GPUs Graphics Reviews

Technical details of the GeForce RTX 3000 – more than just a miraculous increase in shaders

The GeForce RTX 3090 as the upcoming top dog and the RTX 3080 as the current flagship rely on the GA102 processor, which does pretty much everything differently than before. With the stated 10,496 CUDA cores, at least on paper (but not only there), an incredible number of ALUs are banged in, which surely shocks not only AMD at first sight. But that this really smart trick is supposed to have been achieved with the help of Samsung’s rather granular 8-nm node, however, requires a closer look. But how do you achieve such a theoretical computing power of an incredible 35.7 FP32-TFLOPS?

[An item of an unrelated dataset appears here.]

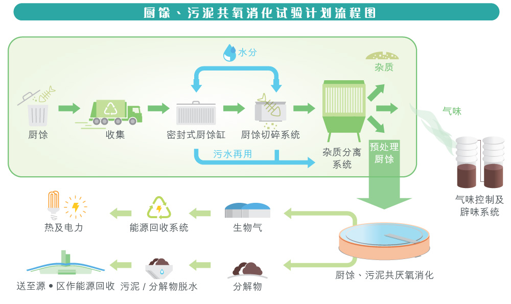 计划下,环保署的工程包括建造厨余预处理厂。在此,厨余会先去除杂质,再捣碎变成厨余浆。至于本署工程则包括改建接收厨余的指定厌氧消化缸。改建工程包括把缸内的混合器更换为可把较高固体含量的厨余与污泥混合物均匀搅拌的新混合器。试验计划已于2019年9月开始。其间,环保署负责收集、运送,预处理和泵送厨余至大埔污水处理厂内指定的厌氧消化缸。本署则负责操作消化缸和利用生物气生产热能和电力,供污水处理厂使用。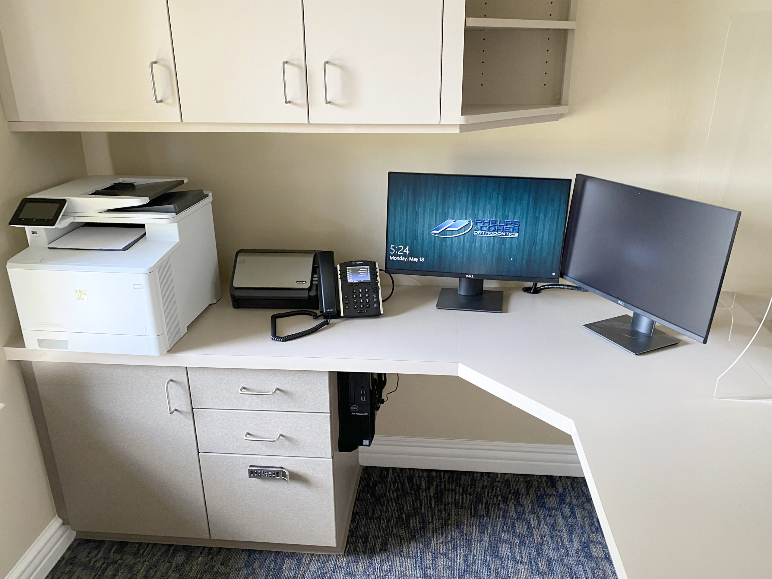 Scanners, printers, signature pads are integrated into this space.

New SM and lots of floating point

The trick lies in Ampere’s Streaming Multiprocessors (SM), which have been fundamentally redesigned. The base might be similar to Turing’s, but there are important and most important things changed, which I will discuss in a moment. Of course this also applies to the RT and Tensor cores. Let’s have a look at the GeForce RTX 3080’s scheme below. As usual, the GPU itself consists of several GPC (Graphics Processor Cluster). There we find the SM (Streaming Multiprocessors) with the known computing units, the TPC (Texture Processing Clusters) which contain the texture units, the usual geometry units and – this is new – also the ROPs.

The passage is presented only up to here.